(Stored data begins)

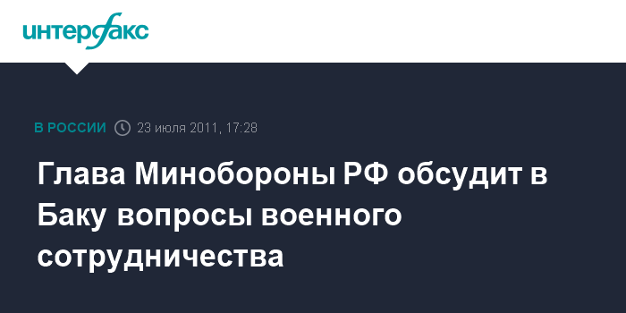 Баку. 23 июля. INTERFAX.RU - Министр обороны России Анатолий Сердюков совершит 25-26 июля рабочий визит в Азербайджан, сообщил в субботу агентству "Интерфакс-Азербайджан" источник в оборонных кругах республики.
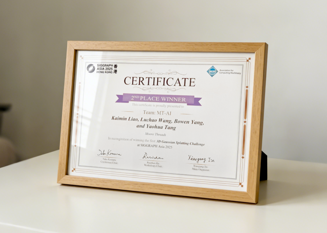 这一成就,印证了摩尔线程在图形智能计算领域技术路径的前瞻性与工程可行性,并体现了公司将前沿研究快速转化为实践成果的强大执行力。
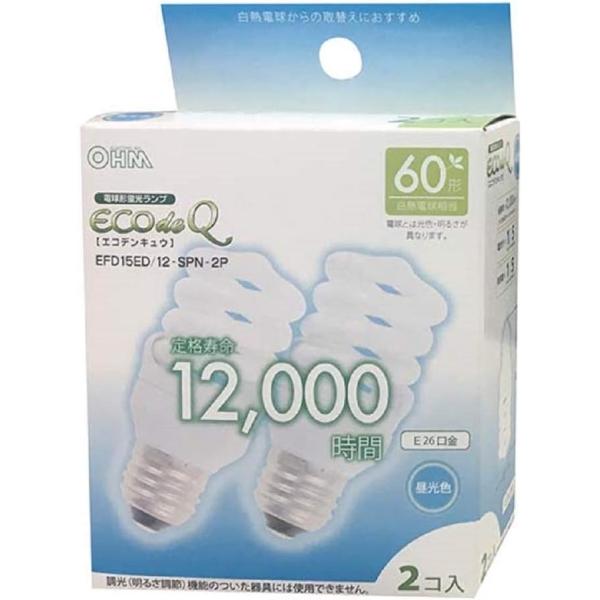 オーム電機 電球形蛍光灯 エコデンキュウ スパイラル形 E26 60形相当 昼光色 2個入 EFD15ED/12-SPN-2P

(Stored data ends)

#### [Task requirements]
With the pictures set aside, write out the whole listing exactly.

#### [Result of this task]
 Баку. 23 июля. INTERFAX.RU - Министр обороны России Анатолий Сердюков совершит 25-26 июля рабочий визит в Азербайджан, сообщил в субботу агентству "Интерфакс-Азербайджан" источник в оборонных кругах республики.
 这一成就,印证了摩尔线程在图形智能计算领域技术路径的前瞻性与工程可行性,并体现了公司将前沿研究快速转化为实践成果的强大执行力。
 オーム電機 電球形蛍光灯 エコデンキュウ スパイラル形 E26 60形相当 昼光色 2個入 EFD15ED/12-SPN-2P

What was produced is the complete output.